One might ask: of what use is it to know the period of the cipher? Remember that we are dealing with what are, in essence, six simple substitution ciphers. If we know the correct number of simple substitution cipher alphabets used, then we can break the ciphered text down into six coded segments (the first segment comprised of the first letter and each seventh subsequent letter thereafter, the second segment comprised of the second letter and each seventh subsequent letter thereafter, and so on), rather than one complete message, and conduct a frequency count for each of the six segments. Under these circumstances, the "cracking" of each of the six alphabets becomes much easier, not to mention the fact that correctly "cracking" each simple substitution cipher gives you a letter of the keyword. Many times, with two or three letters in hand, the keyword can be accurately guessed, thereby rendering the ciphered message as effectively broken.

The most difficult part of this process is that which confronts the cryptanalyst who first views a ciphered Vigenere message in all its opaque and frustrating glory: how does one determine the cipher's period?

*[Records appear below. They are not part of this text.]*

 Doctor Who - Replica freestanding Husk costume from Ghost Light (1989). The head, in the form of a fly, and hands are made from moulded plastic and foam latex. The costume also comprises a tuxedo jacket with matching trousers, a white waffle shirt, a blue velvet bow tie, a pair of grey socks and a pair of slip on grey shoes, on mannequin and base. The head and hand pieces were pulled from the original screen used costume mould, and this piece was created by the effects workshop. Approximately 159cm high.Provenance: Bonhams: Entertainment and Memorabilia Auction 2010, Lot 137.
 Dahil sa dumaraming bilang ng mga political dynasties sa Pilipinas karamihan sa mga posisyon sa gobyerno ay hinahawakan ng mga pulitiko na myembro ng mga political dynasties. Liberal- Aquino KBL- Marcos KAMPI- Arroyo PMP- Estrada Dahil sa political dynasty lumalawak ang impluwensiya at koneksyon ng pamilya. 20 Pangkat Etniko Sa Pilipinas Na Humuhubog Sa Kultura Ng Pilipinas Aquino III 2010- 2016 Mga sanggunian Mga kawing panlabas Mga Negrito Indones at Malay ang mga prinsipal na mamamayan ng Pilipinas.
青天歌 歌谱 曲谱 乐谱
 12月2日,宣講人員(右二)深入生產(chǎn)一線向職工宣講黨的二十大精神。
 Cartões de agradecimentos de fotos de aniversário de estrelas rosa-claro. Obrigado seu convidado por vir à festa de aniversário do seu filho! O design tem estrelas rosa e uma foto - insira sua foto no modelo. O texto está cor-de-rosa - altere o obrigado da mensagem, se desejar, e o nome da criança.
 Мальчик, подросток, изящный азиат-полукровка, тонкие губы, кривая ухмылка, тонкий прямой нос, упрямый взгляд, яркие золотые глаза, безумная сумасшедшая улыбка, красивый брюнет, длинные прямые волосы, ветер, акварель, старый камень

Determining the Cipher's Period

After numbering the ciphered message by five-number units, as shown in Figure 6, the first step is to identify repeated letter sequences and the distance between them. Here's an important tip: when preparing for cryptanalysis of the Vigenere, leave a lot of space in between the lines, because you're going to need it. In fact, I find it useful to read or type the ciphered message into a word processing program. Word processing programs are incredibly useful in this work: you can duplicate messages for work copies, use bold, underlined, italic, and colored type to highlight key sequences, use search mechanisms to look for repeated letter sequences, and many other tasks which would have required pencil, paper, and some considerable eyestrain in times past.)

In Figure 7 are listed the repeated letter combinations in the ciphered message, together with the distances they are from each other. The next step is to take the distances and break them down into their factors. Doing so, we obtain the values in Figure 8.

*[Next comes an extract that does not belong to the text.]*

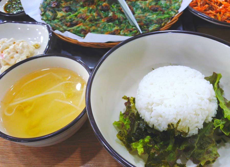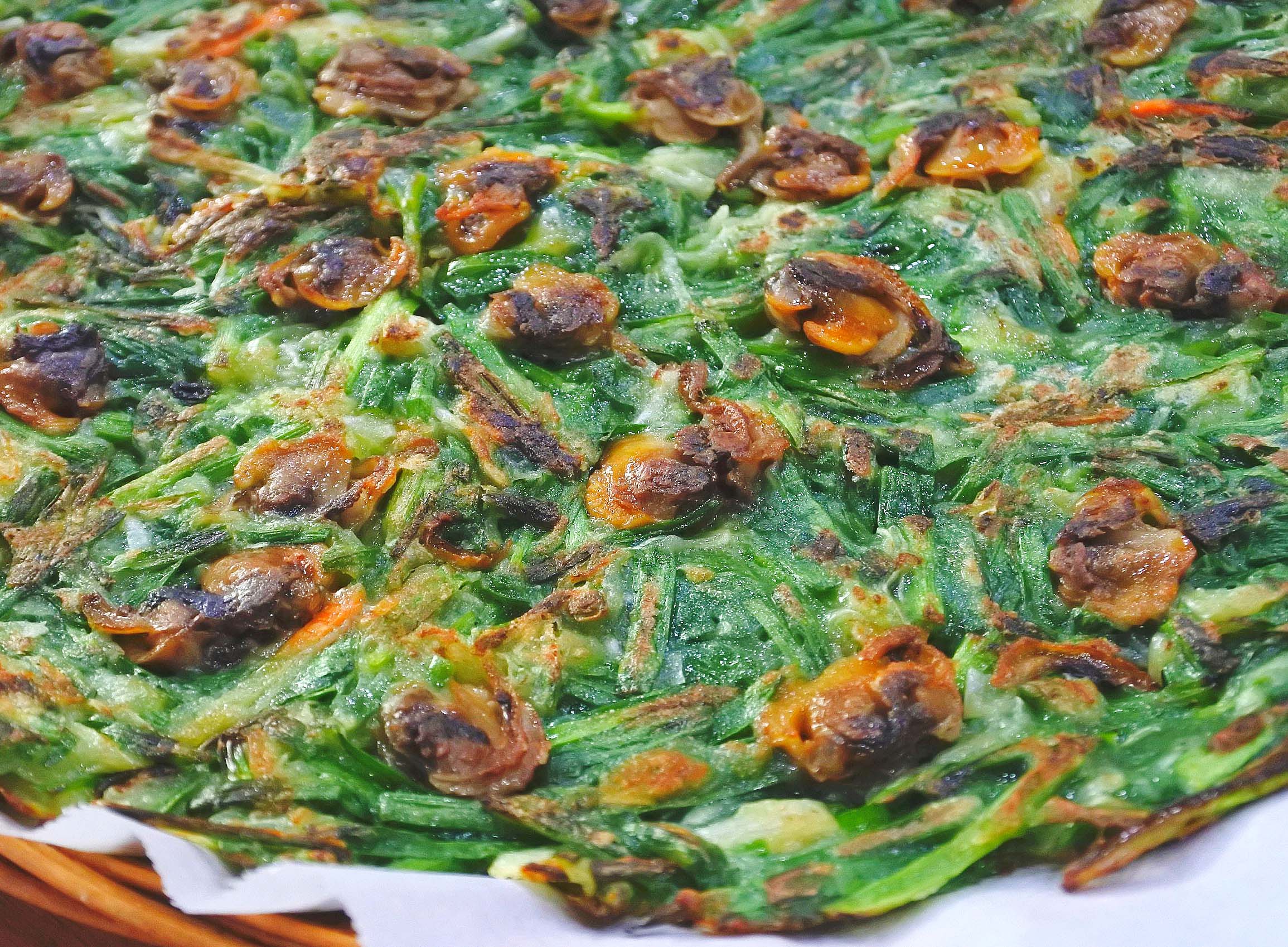 꼬막비빔밥과 함께 막걸리 한잔 하기 위해 꼬막전도 많이 주문한다. 꼬막이 듬뿍 들어간 꼬막전은 꼬막의 쫄깃하면서도 살아있는 식감과 부침가루가 바삭하게 구어진 전의 조화로운 조합으로 맛있다.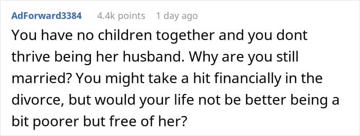 One man, fed up with his wife’s lack of support and constant need to be right, told her his life would be better without her

Immediately, we see dramatic confirmation of the Kasiski method of discovering the keyword length. Except for 2 and 3 (which seldom are true periods, since many of their appearances are due simply to chance, a feature that can even occur with factors as large as 4 or 5), the factor 6 far predominates, occurring 22 times. Of course, in this particular ciphered text, we already know that six is in fact the true period of the keyword, "SHADOW." Suffice it to say that things aren't always quite so clear-cut. More often, one encounters two or more factors equally represented in the coded text (say, 15 instances of the factor "4" and 15 of the factor "6"). In such cases, the following rules may help you in your efforts to choose the factor which represents the "true" keyword period.

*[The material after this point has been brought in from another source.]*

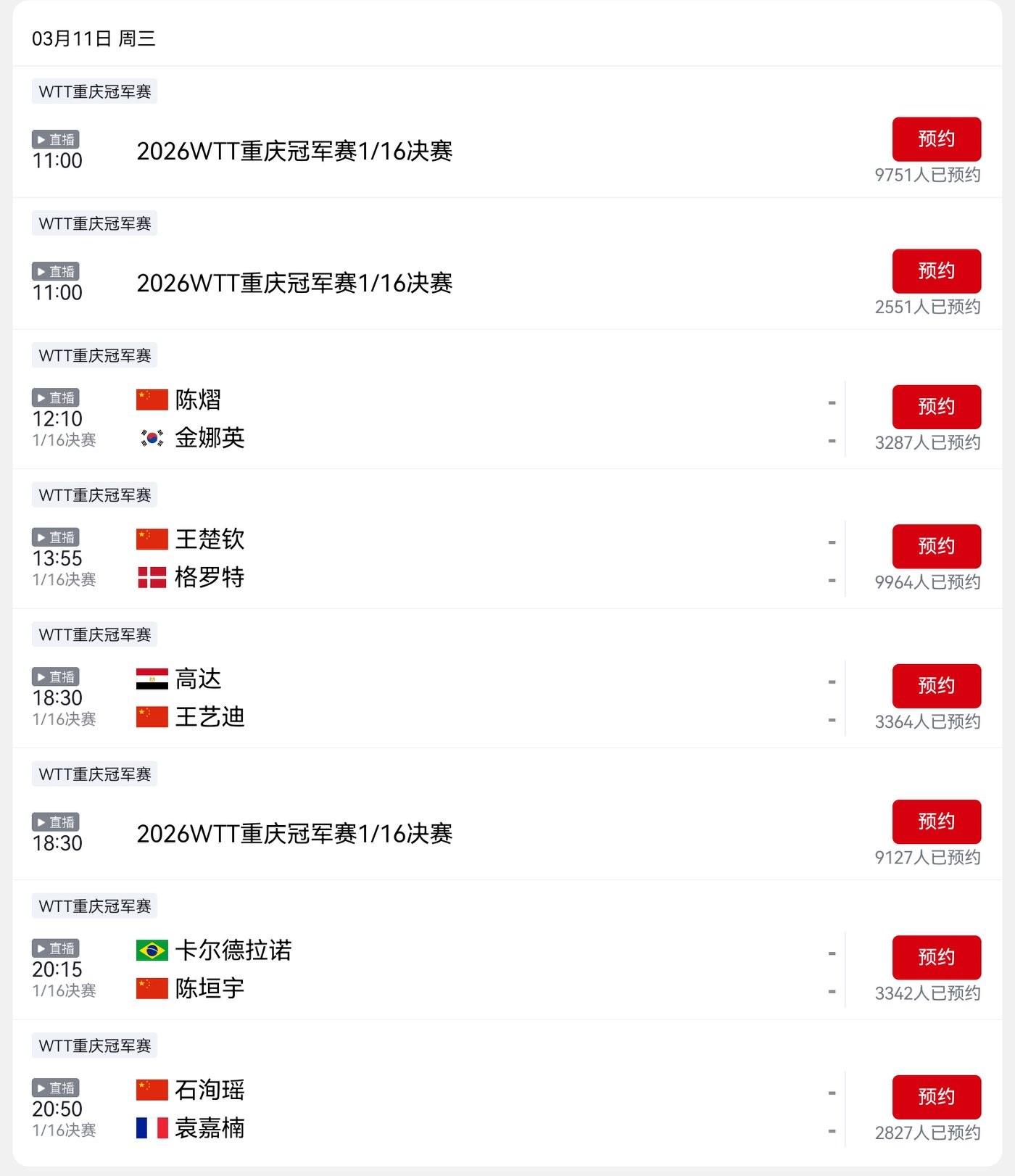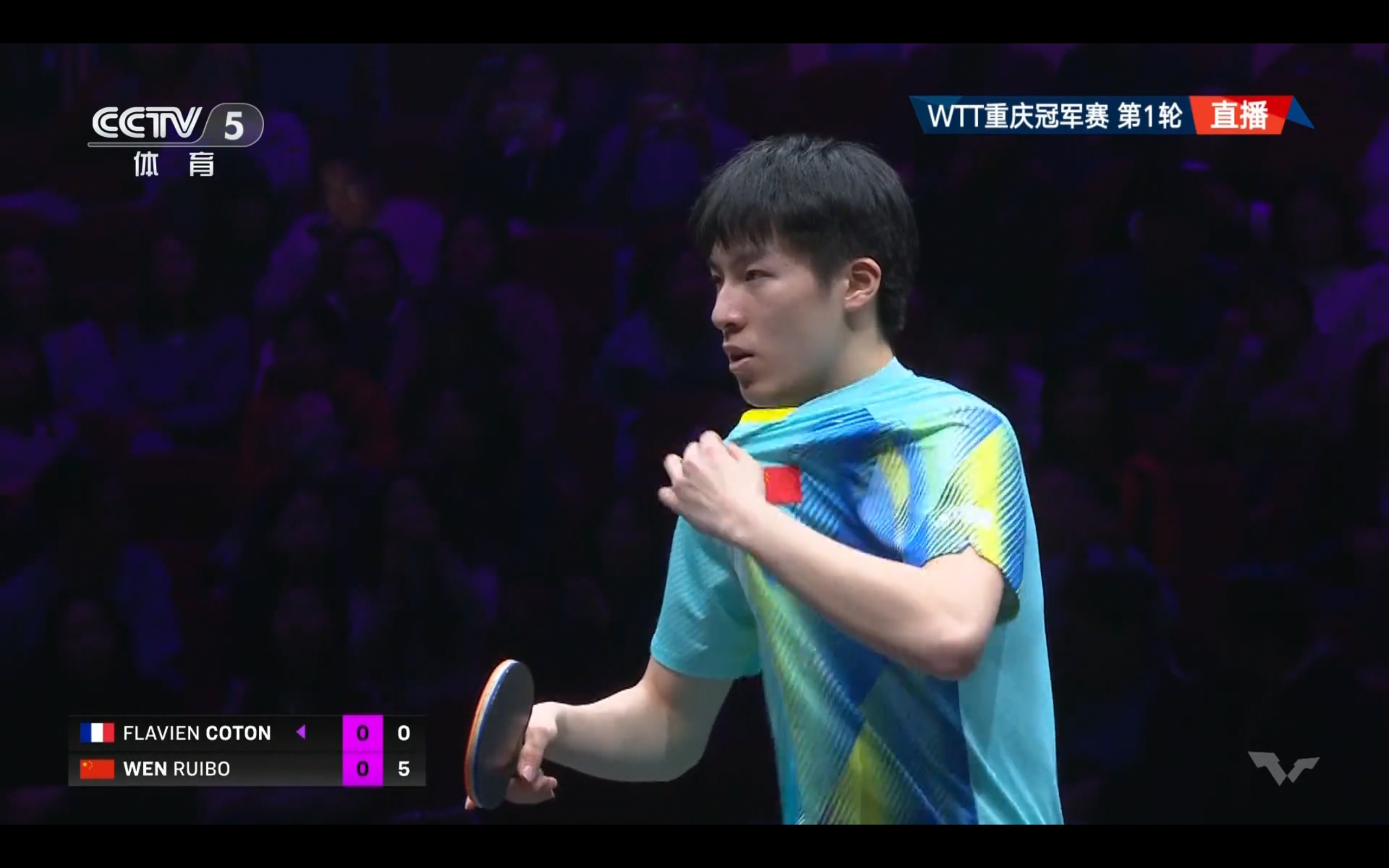 CCTV-5 is broadcasting the WTT Champions Chongqing Station match between Wen Ruibo and Cotton, with tomorrow's schedule (2026.3.11) included.

First, if one factor is a multiple of the other, choose the larger factor. Second, in cases where one factor is not a multiple of the other, test a factor which is a multiple of both factors. Third, along with the correct factor, you will usually find a significant number of multiples of the factor, which grow fewer as their size increases. Fourth, look at sequences that are longer than two letters: three-letter combinations (called "trigrams") are less likely to occur than two-letter combinations ("digrams"), and combinations of longer than three letters are even rarer. Therefore, factors which occur in longer repeated sequences should be given more weight. Fifth, in the absence of any of the first three conditions, one should usually choose the larger over the smaller factor. Sixth, if all else fails, simply pick one factor and test it out.

To test the period you've chosen, you need to segment the cipher into six portions. For the test period six, this has been done in Figure 9. The next step is to do a frequency count for each of the six message segments, which we've done in Figure 10.

Determining the Key-Alphabets

From this point, you proceed much the same as you'd do with a simple substitution cipher. For example, the first step is often to consider the most frequent ciphered letter in each segment as possibly standing for the plaintext letter "E," the most common letter in English. If you check for yourself, using the Vigenere Table (Figure 1), you will see that, in the first five segments, the most frequent letter indeed represents the plaintext letter "E" (in the first segment, the cipher letter "W" appears the most frequently [five times] and in the key alphabet "S" is indeed the letter which stands for "E"; in the second segment, "L" [six times] stands for "E" in the key alphabet "H"; and so on). In fact, in the example, only the sixth segment does not have cipher letter for the plaintext "E" as the most frequently occurring letter in the segment.

If you are lucky enough to be presented with a very high frequency in your tabulation (such as the ciphered letter "S" in segment 5), that is usually a good place to begin. Let us say you theorize that "S" is "E" in alphabet 5. Go to the Vigenère Table (Figure 1) and find where the column for the plaintext "E" and follow it down until you come to "S." Note that the horizontal line on which "S" appears is that of the key alphabet "O" (indicated on the far left column).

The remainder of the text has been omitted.